▸ **Brief**:
The reply should hold only the lines from the one with "今日は4年生の社会科見学です" to the one with "Figura 2 (a)", both ends kept, exactly as they appear below, without any pictures.

[[ Records shown, beginning ]]

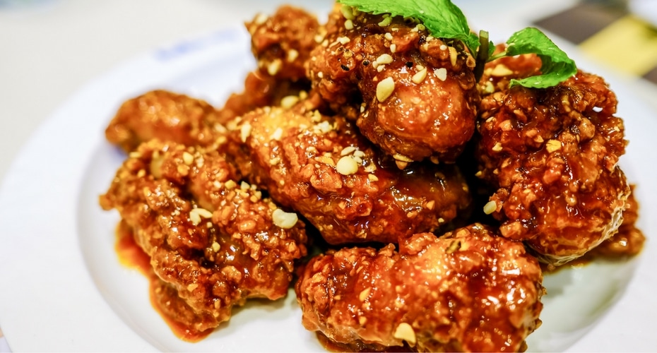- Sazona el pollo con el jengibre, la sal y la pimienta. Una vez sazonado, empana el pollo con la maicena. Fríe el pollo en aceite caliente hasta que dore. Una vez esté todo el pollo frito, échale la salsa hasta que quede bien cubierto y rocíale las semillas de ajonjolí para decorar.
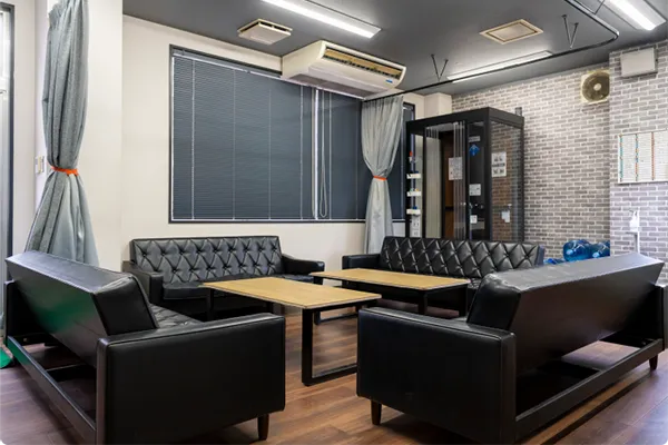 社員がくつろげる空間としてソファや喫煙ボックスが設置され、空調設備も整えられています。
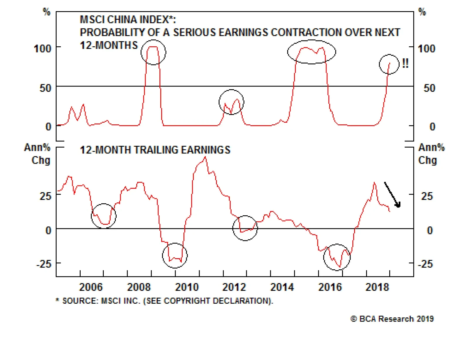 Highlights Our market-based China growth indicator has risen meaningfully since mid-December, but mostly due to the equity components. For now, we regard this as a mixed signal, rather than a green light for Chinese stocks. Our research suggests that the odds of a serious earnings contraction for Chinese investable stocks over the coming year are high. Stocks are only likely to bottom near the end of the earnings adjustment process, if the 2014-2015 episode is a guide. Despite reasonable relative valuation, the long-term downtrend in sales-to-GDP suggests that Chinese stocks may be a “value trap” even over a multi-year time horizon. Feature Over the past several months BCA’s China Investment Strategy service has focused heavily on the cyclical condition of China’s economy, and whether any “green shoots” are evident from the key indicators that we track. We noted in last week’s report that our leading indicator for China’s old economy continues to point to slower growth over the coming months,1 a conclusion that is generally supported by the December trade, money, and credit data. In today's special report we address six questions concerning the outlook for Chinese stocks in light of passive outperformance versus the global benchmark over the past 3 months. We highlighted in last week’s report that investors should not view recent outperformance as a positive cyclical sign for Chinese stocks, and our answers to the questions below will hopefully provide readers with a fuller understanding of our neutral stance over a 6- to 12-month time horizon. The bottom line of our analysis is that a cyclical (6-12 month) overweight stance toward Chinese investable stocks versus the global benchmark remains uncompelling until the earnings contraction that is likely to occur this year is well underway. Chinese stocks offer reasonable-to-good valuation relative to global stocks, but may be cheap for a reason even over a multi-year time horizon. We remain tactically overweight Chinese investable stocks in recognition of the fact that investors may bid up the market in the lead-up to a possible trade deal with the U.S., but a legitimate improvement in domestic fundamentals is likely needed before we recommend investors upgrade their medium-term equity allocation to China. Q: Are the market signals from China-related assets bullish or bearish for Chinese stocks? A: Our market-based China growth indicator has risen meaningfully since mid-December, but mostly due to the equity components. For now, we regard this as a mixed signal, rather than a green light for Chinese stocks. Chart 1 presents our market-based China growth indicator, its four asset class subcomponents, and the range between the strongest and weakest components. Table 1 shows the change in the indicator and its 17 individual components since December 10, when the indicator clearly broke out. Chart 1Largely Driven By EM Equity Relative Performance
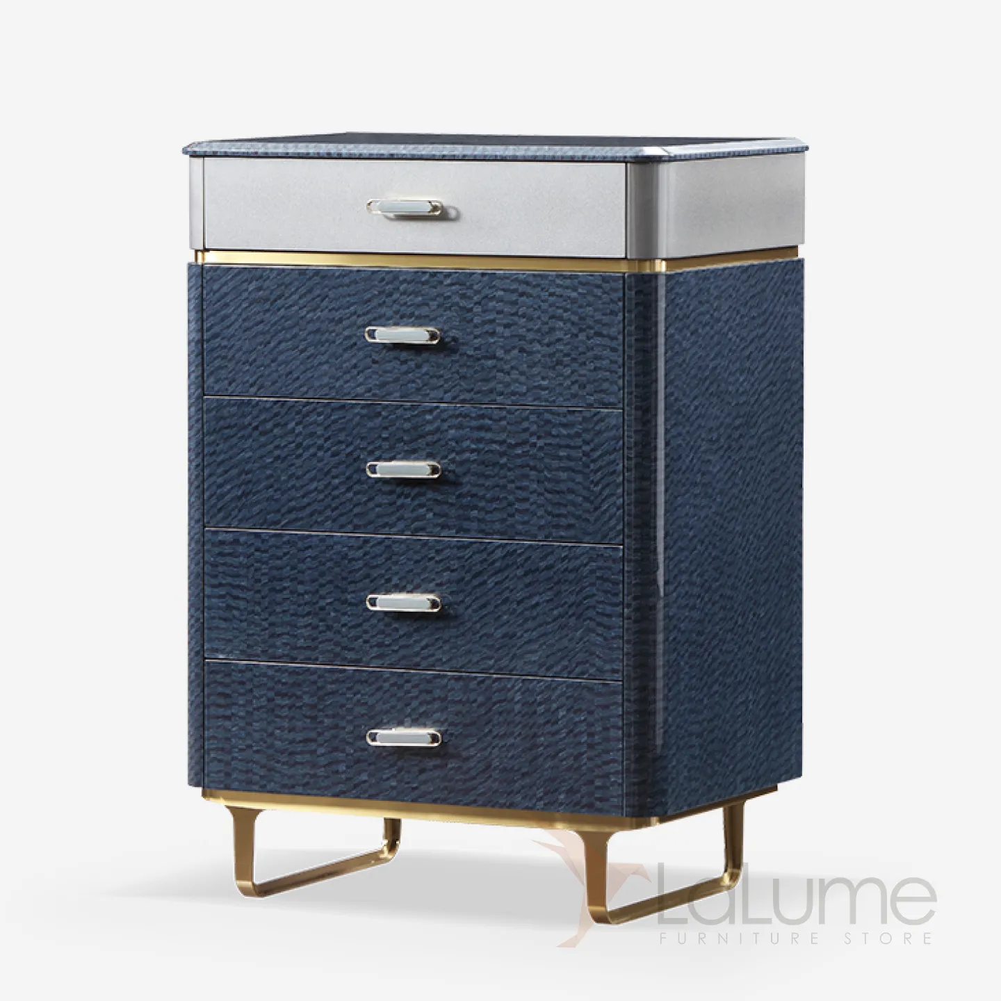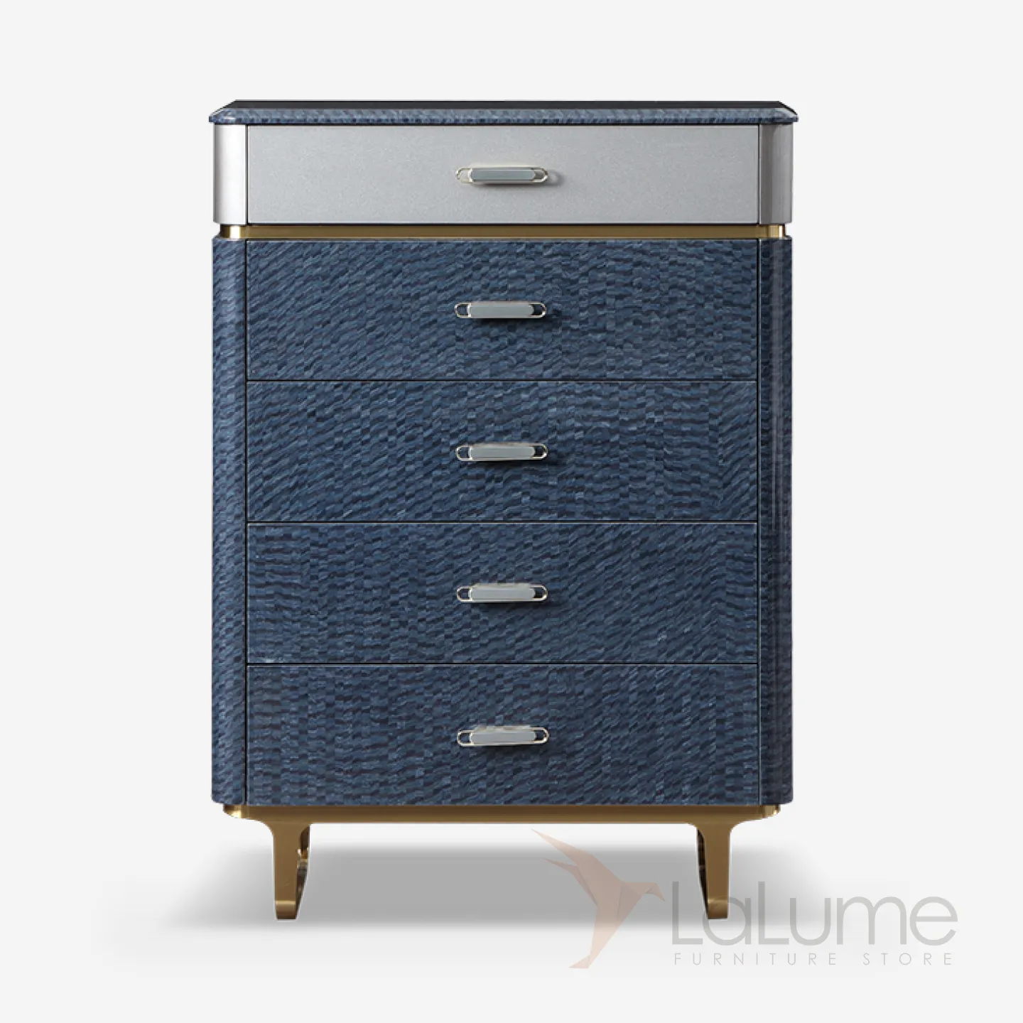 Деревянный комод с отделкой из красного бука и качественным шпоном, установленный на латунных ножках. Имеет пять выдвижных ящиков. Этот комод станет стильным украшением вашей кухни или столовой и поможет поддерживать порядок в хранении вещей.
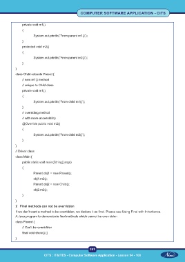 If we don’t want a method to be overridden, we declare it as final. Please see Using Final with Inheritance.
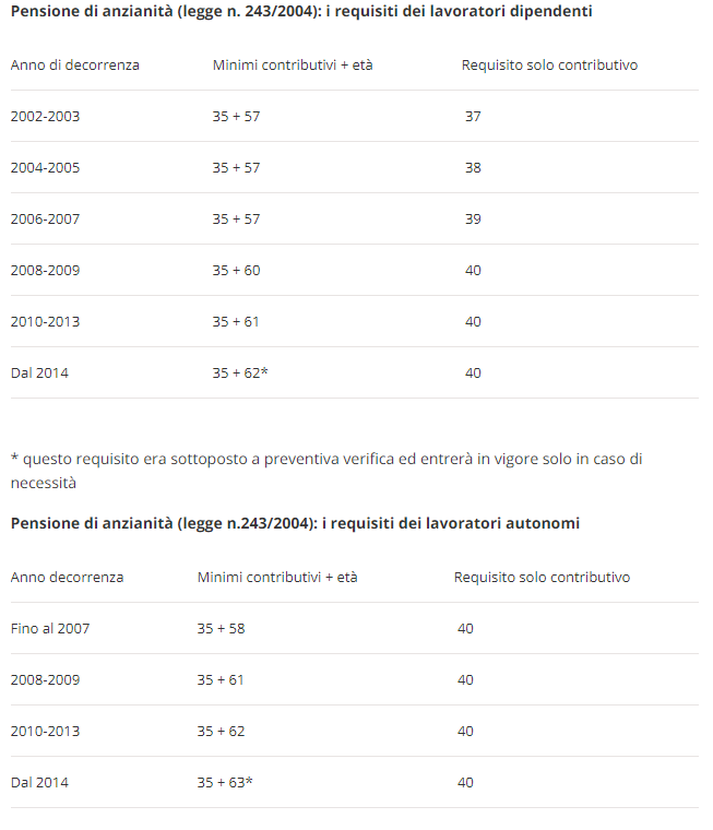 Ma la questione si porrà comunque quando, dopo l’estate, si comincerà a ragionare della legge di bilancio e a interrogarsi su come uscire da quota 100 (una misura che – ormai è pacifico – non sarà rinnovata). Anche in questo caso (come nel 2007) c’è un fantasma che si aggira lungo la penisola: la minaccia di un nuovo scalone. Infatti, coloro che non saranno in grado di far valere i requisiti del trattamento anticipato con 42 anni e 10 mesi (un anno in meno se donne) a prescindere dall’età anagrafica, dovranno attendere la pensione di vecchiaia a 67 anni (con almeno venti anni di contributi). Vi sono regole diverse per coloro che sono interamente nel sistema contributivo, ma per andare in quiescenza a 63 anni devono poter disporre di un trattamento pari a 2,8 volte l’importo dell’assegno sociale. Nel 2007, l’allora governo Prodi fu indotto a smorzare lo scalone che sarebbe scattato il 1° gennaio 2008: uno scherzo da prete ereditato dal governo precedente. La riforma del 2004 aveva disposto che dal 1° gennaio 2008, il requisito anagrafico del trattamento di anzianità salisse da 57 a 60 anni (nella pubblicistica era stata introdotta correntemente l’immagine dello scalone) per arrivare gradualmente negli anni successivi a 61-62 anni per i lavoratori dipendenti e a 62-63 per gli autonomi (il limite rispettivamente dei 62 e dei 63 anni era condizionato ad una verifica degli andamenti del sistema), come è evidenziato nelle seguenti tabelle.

[[ Records shown, end ]]
[[ Records shown, beginning ]]

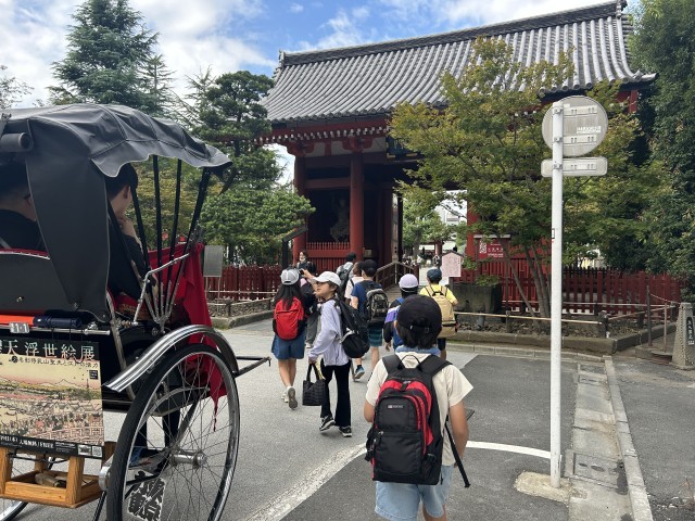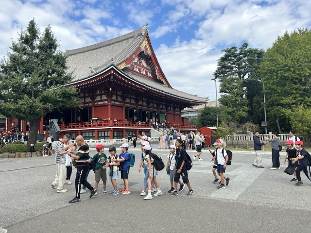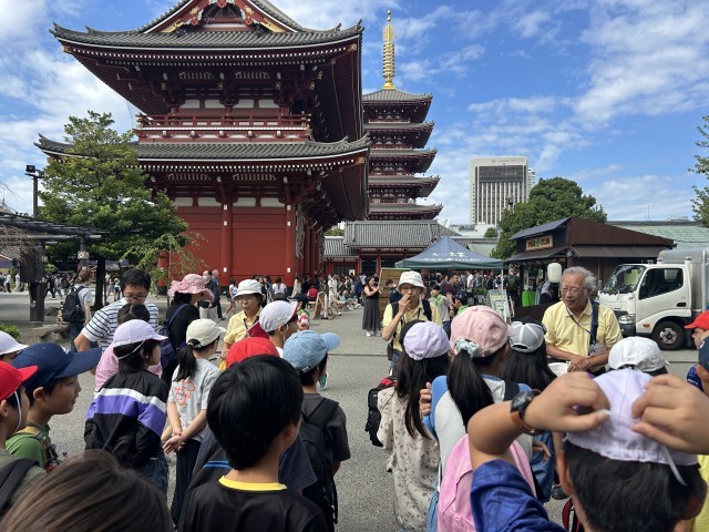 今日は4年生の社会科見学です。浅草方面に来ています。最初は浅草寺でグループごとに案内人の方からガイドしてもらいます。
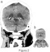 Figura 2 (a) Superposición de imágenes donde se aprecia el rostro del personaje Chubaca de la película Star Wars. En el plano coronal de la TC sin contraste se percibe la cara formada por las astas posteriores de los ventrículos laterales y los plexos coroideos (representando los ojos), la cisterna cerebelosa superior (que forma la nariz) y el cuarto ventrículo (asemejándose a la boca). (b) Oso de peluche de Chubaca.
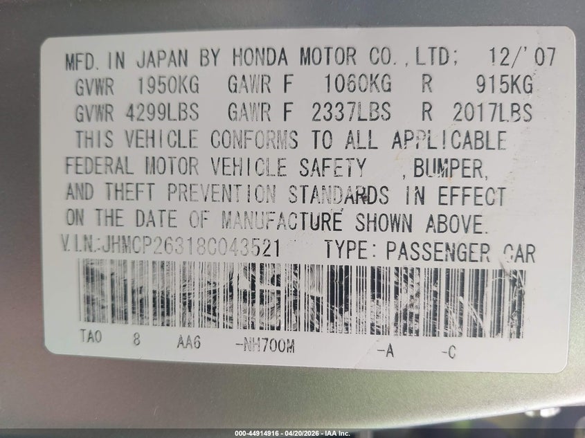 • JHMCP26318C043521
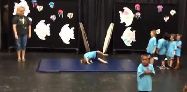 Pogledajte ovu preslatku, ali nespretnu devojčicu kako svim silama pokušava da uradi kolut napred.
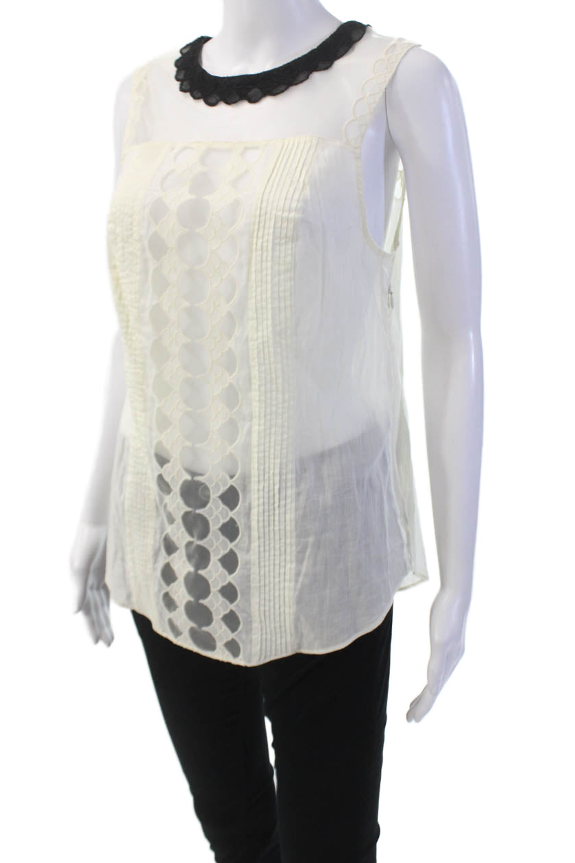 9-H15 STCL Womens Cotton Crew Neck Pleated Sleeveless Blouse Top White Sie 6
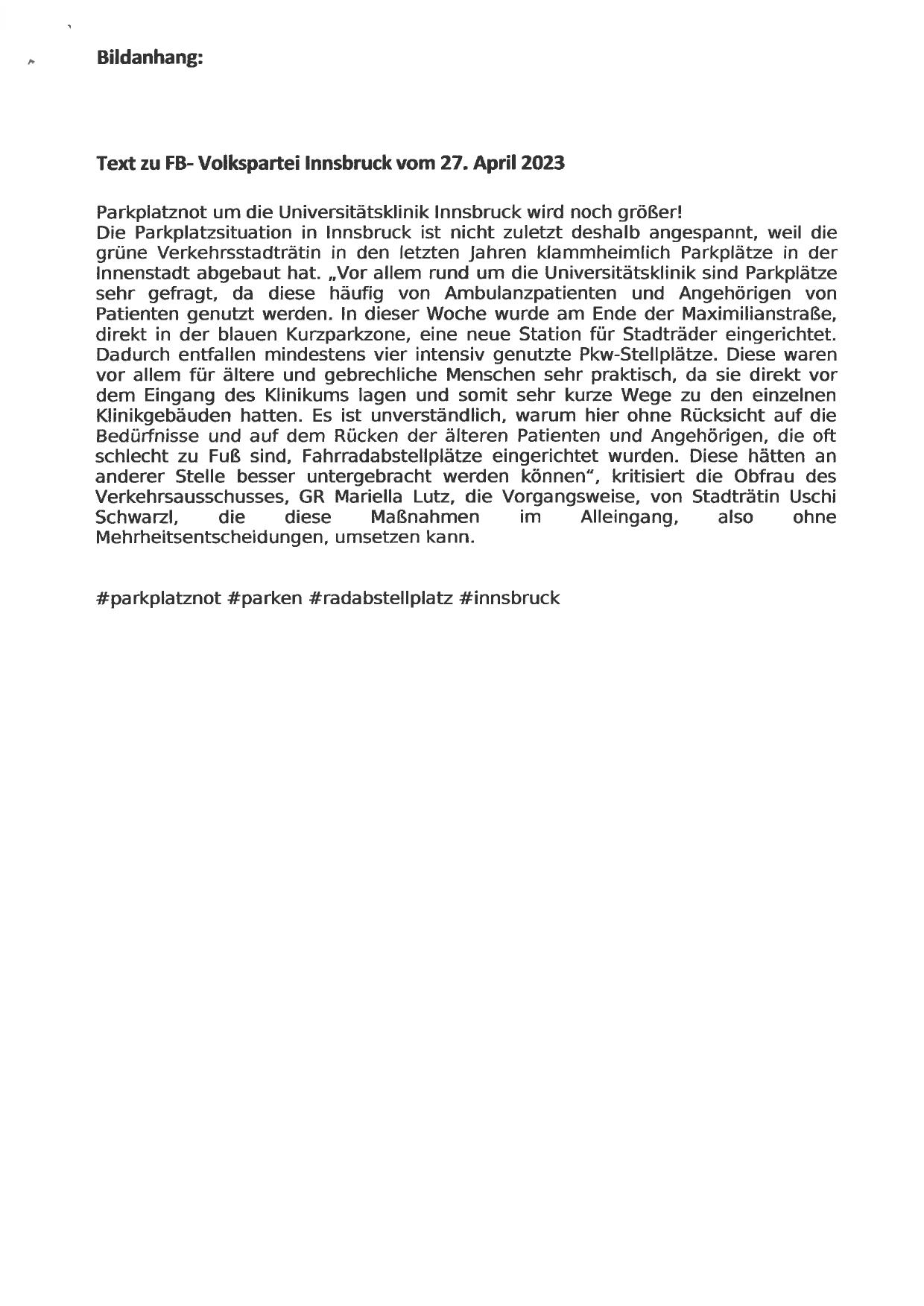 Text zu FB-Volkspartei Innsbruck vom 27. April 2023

[[ Records shown, end ]]
[[ Records shown, beginning ]]

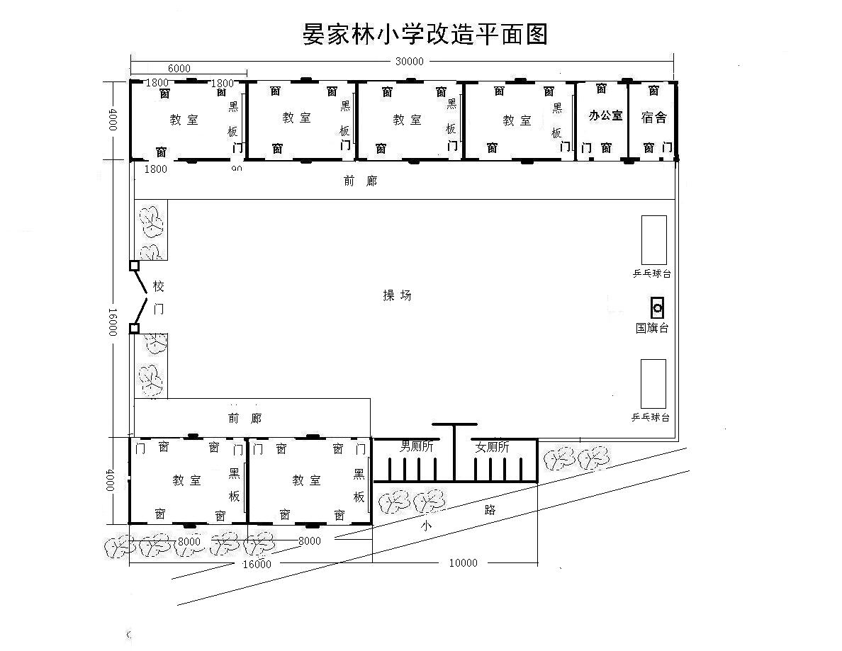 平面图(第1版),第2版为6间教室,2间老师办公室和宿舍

[[ Records shown, end ]]

▸ **Task result**:
 今日は4年生の社会科見学です。浅草方面に来ています。最初は浅草寺でグループごとに案内人の方からガイドしてもらいます。
 Figura 2 (a) Superposición de imágenes donde se aprecia el rostro del personaje Chubaca de la película Star Wars. En el plano coronal de la TC sin contraste se percibe la cara formada por las astas posteriores de los ventrículos laterales y los plexos coroideos (representando los ojos), la cisterna cerebelosa superior (que forma la nariz) y el cuarto ventrículo (asemejándose a la boca). (b) Oso de peluche de Chubaca.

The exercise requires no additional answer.